The HCC1187 karyotype is hypotriploid and highly rearranged, like most breast cancers. The karyotype is highly likely to have evolved via successive chromosome loss, unbalanced translocation and endoreduplication, since this is the predominant pattern in breast tumors (Fig. 1) [17]. We therefore looked for signs of endoreduplication.

The main evidence that endoreduplication had occurred was that a high proportion of the genome had been duplicated precisely once. To make this clearer, we worked out which chromosome segments derived from which parent by analysing how many copies of each genomic segment had the same alleles, using SNP array data (Fig. S1 in File S1). We were able to assign almost all chromosome segments in the karyotype to one or the other allelotype (Fig. 2). This showed that many chromosome segments were present in two copies of the same parental origin, and most of the remainder appear to have evolved from a pair of copies (Fig. 2B). For example, all segments of chromosomes 6 and 7 are present in two copies, while there are two complete copies of chromosome 16 derived from the same parent, one of which has been split by a balanced translocation.
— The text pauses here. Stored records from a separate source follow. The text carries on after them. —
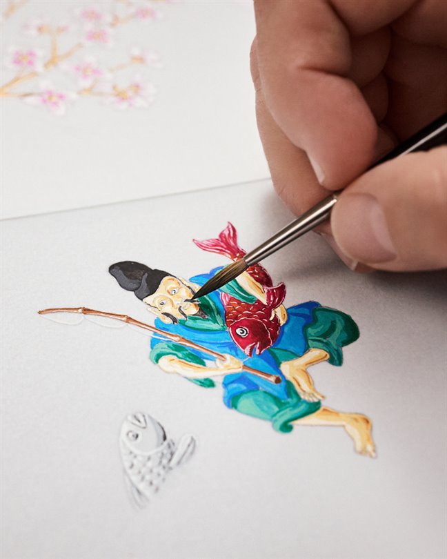 Escale au Mont Fuji'nin kadranı, hareketli bir başyapıt olarak karşımıza çıkıyor. Dört özel otomat, hikayesini hayata geçiriyor: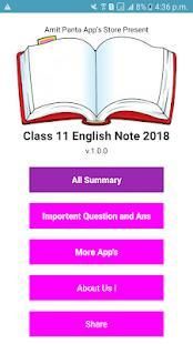 There you can get the android apps APK installed on your device. 20,000+ users downloaded English Note For Class 11 latest version on 9Apps for free every week! More features are involved in this new version. This hot app was released on 2018-04-04. Download and play this free app for android mobile phone now!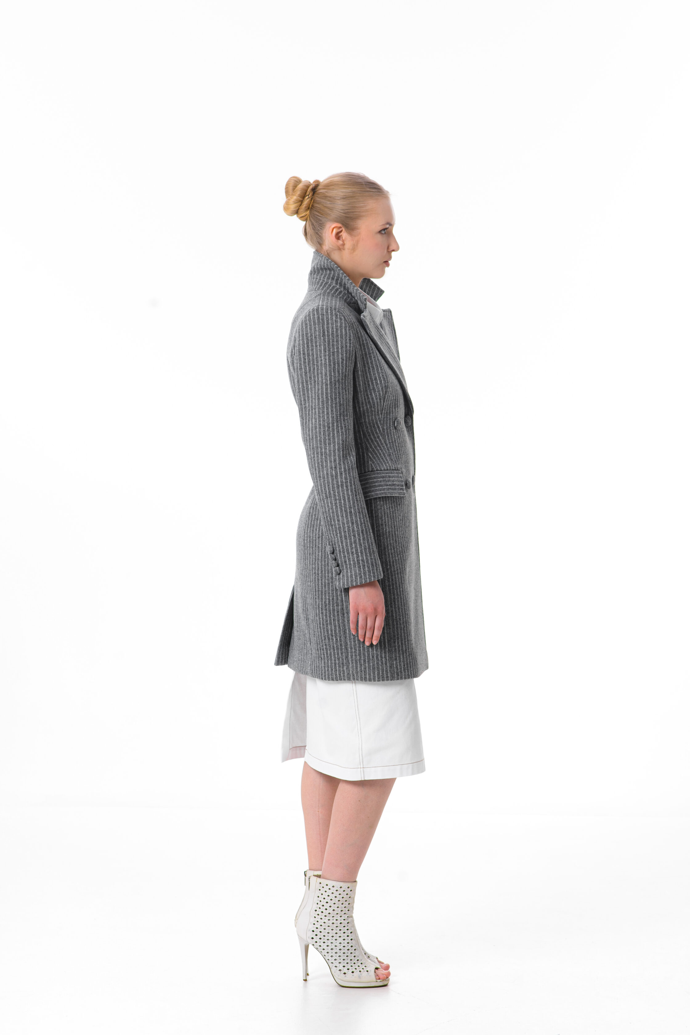 На модели пальто размера XS-S

Figure 2. The structure of the HCC1187 genome.

A) Spectral karyotype as in [44]. Chromosomes are named A-Z and a-k based on their relative sizes as in [12]. Cytogenetic description of the karyotype is in Table S1 in File S2. B) Circos plot [45] of the HCC1187 genome: Chromosome ideograms around the outside, oriented clockwise pter to qter. Moving inward, the pale grey and dark grey boxes are chromosome segments observed by array painting [12] with their chromosome of origin indicated. Their parent of origin (light grey and dark grey) was deduced from the number of allelotypes given by PICNIC segmentation (Fig. S1 in File S1). Note that assignment of parents 1 and 2 does not transfer between chromosomes. Dark blue line, total copy number, equivalent to array CGH, from PICNIC. Red line, copy number of the minor allele; where this is zero, the genome is homozygous. Chromosome segments that share a translocation breakpoint were assumed to have the same parental origin. Inner links represent interchromosome translocations identified previously [12][14].
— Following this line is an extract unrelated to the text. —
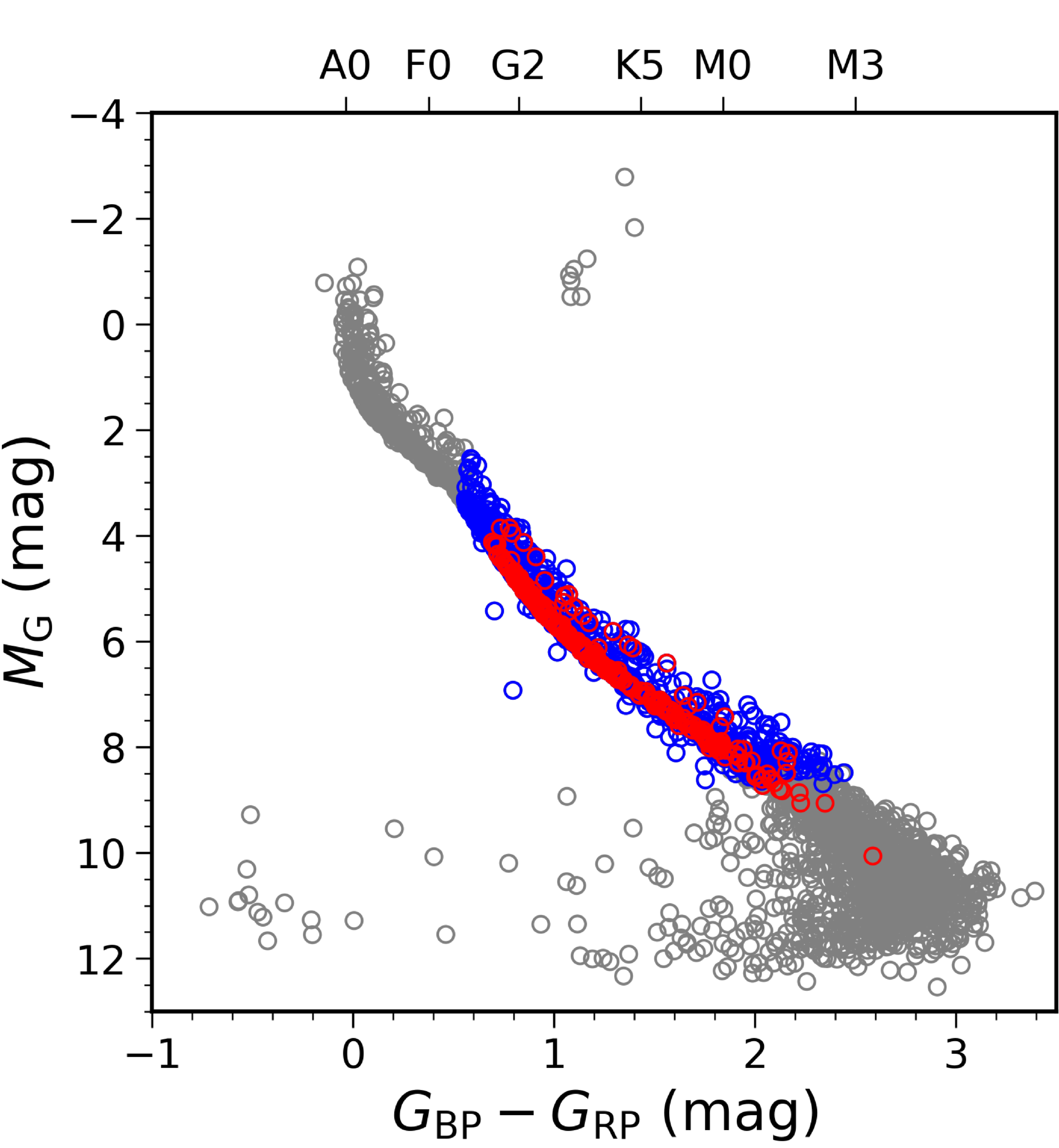 Gaia CMD for NGC 3532 based on the E. L. Hunt & S. Reffert (2023) catalog of 3414 members. The absolute magnitudes were calculated using inverted Gaia DR3 parallaxes; we applied a reddening AV = 0.093 mag (J. D. Cummings & J. S. Kalirai 2018). The red circles are the 276 stars in the E. L. Hunt & S. Reffert (2023) catalog with D. J. Fritzewski et al. (2021a) Prot measurements. The blue circles are the 1358 low-mass, main-sequence cluster members for which we have TESS light curves and that met our selection criteria for making new Prot measurements.

Inferring the Genome State before Endoreduplication

Having clear evidence that endoreduplication had occurred in HCC1187, we were able to infer the state of the genome immediately before it doubled (Fig. 3). To do this, we assumed that the simplest possible sequence of events had happened, in particular that endoreduplication accounted for almost all duplications. The resulting picture of the likely history of the karyotype almost exactly fits the suggested monosomic pattern of evolution (Fig. 1), with each unbalanced translocation leading to loss of one chromosome, plus some whole-chromosome losses.

Figure 3. Chromosome segments in HCC1187 and their most probable state before endoreduplication.

Chromosome ideograms are drawn around the outside as in Fig. 2. Outer rings are array painting segments as in Fig. 2. Inner rings are chromosome segments that must have been present before endoreduplication. Coloured circles are different types of mutations, on the outer chromosome segment on which they were observed: truncating (red), non-synonymous (blue), small deletion (yellow), small duplication (black), expressed gene fusion (light blue). Mutations that were on two copies of a chromosome segment probably occurred before endoreduplication and are also shown on the inner, pre-endoreduplication genome. Dashed grey boxes on chromosome 1 and 11 indicate regions where parental origin was undetermined, because PICNIC segmentation suggested additional rearrangements had taken place.

We next determined whether the somatic mutations most likely occurred before or after endoreduplication. As most loci in this genome had duplicated only once we could infer whether a mutation happened before or after endoreduplication: if the mutation occurred before, it would be present in two copies after the duplication, whereas if the mutation occurred after endoreduplication, it would only be present on one of two copies. This classification would be wrong if gene conversion had occurred, i.e. copying of an allele from one chromosome to another, but all of the 83 sequence-level mutations analysed below were found on only one parent of origin, implying that gene conversion was rare or absent in this cell line, as is typical for epithelial cancers [21], [22].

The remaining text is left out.